Eventually the cell and outside Na+ reach a ceasefire, where the pressure from the eq is too strong and the difference in diffusion is too low for any Na+to make it inside. To some up with fancier language: The efflux of Na+ due to positive voltage equals the influx of Na+ due to concentration gradient.

This ceasefire, or when the pressure of Na+ inside the cell due to the positive charge equals the strength of the Na+ outside wanting to diffuse, is called the Equilibrium Potential, and it is a fundamental way that neuron communication works.

Equilibrium Potential & Relative Permeability At Equilibrium Potential, the cell has a charge from all the ions that flooded inside. You can calculate the Equilibrium Potential for each ion with the Nernst Equation:

$$ E=58mv∗log(\frac{ConcentrationOutside}{ConcentrationInside}) $$ For the math inclined, you can see that if the concentration inside and outside was the same, the charge would be 0, because the $log(1) = 0$. But that is never the case due to the voltage within the cell

Equilibrium Potentials for different ions found in neurons:

• Sodium (Na+) = +50mV
• Potassium (K+) = -80mV
• Chlorine (Cl-) = -80mV
• Calcium (Ca++) = +134mV

A neuron’s membrane potential is the equilibrium potential of the entire neuron taking into account all these ions’ individual equilibrium potentials. The resting potential, or membrane potential when the neuron is not firing, is about -70mV.

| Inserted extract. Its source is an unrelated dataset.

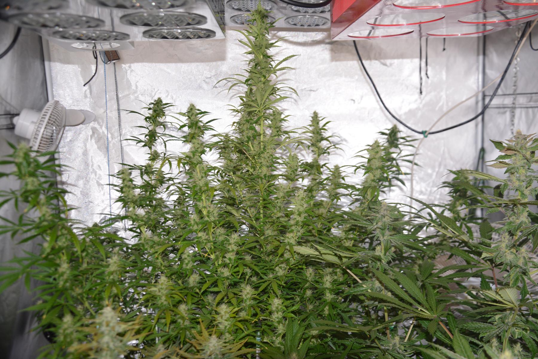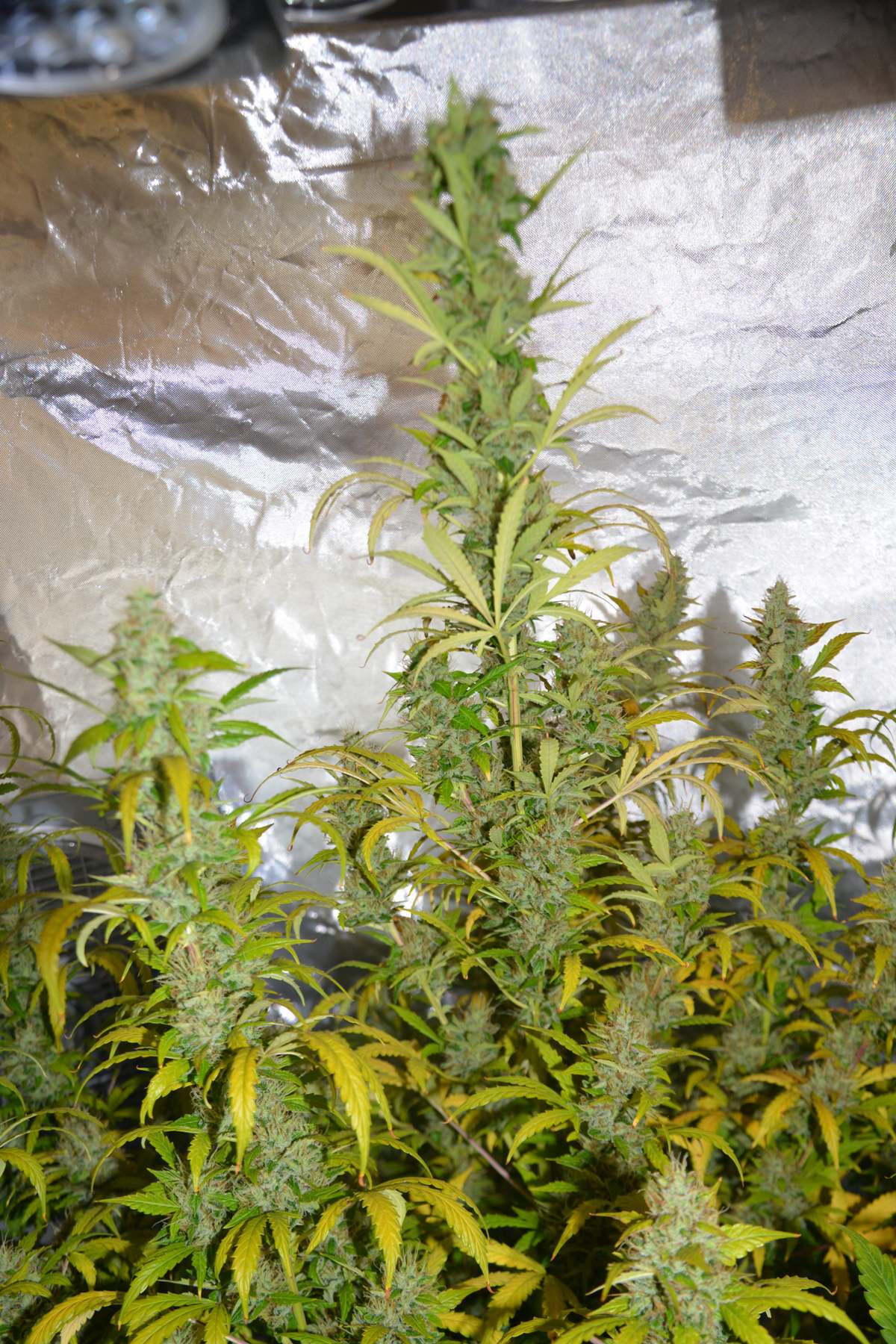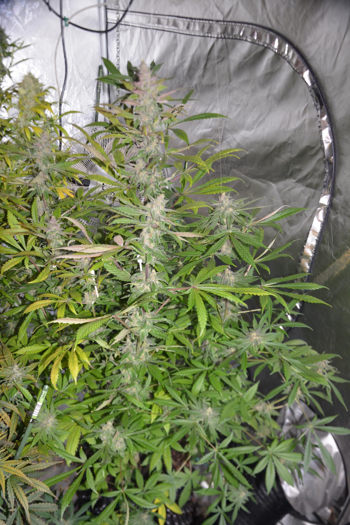 The Cookie is the smallest but most advanced in terms of flowering. She's on an EC 0.9 feed, standing at 80cm high and is 60cm on her sides.....

It is important to know that neurons have a thick membrane called the Phospholipid Bilayer that prevents pretty much anything from getting inside. Only when special, chemical-specific gates are opened can any ions get inside and diffusion take place. The controlling of what materials enter/leave the cell is called Relative Permeability.

**Sodium (Na+) is the most important compound when it comes to our neurons communicating—it is key to triggering action potentials. To get inside the cell, Na+ has to pass through Sodium Channels. These channels are voltage-gated, which means they only “turn on” when the neuron reaches a certain voltage level. This is crucial to understanding how neurons control the flow of Na+ into the axon.

Action Potentials

Prior to an action potential, a neuron is at resting potential. It then receives a signal from a nearby cell, which causes the cell to depolarize, or gain a positive charge, ever so slightly. This slight depolarization causes a tiny amount of voltage-gated sodium channels to open, which allows more Na+ ions inside, which causes the cell to depolarize even more. Neurons work on an All-or-None Activation, where the neuron either fully triggers an action potential, or doesn’t fire at all—there is not stronger or weaker neuron action potential. What causes a full action potential is if the depolarization from a nearby action potential pushes the cell above the Threshold. The Threshold, also called the Trigger Event, is the point at which as the cell becomes more depolarized, more sodium channels open, allowing more Na+ to enter, causing the cell to depolarize even further. This Domino Effect of depolarization-Sodium Channels-Na+ influx-depolarization pushes the membrane potential very quickly to the Na+ Equilibrium Potential of +50mV—Sodium overwhelms the neuron.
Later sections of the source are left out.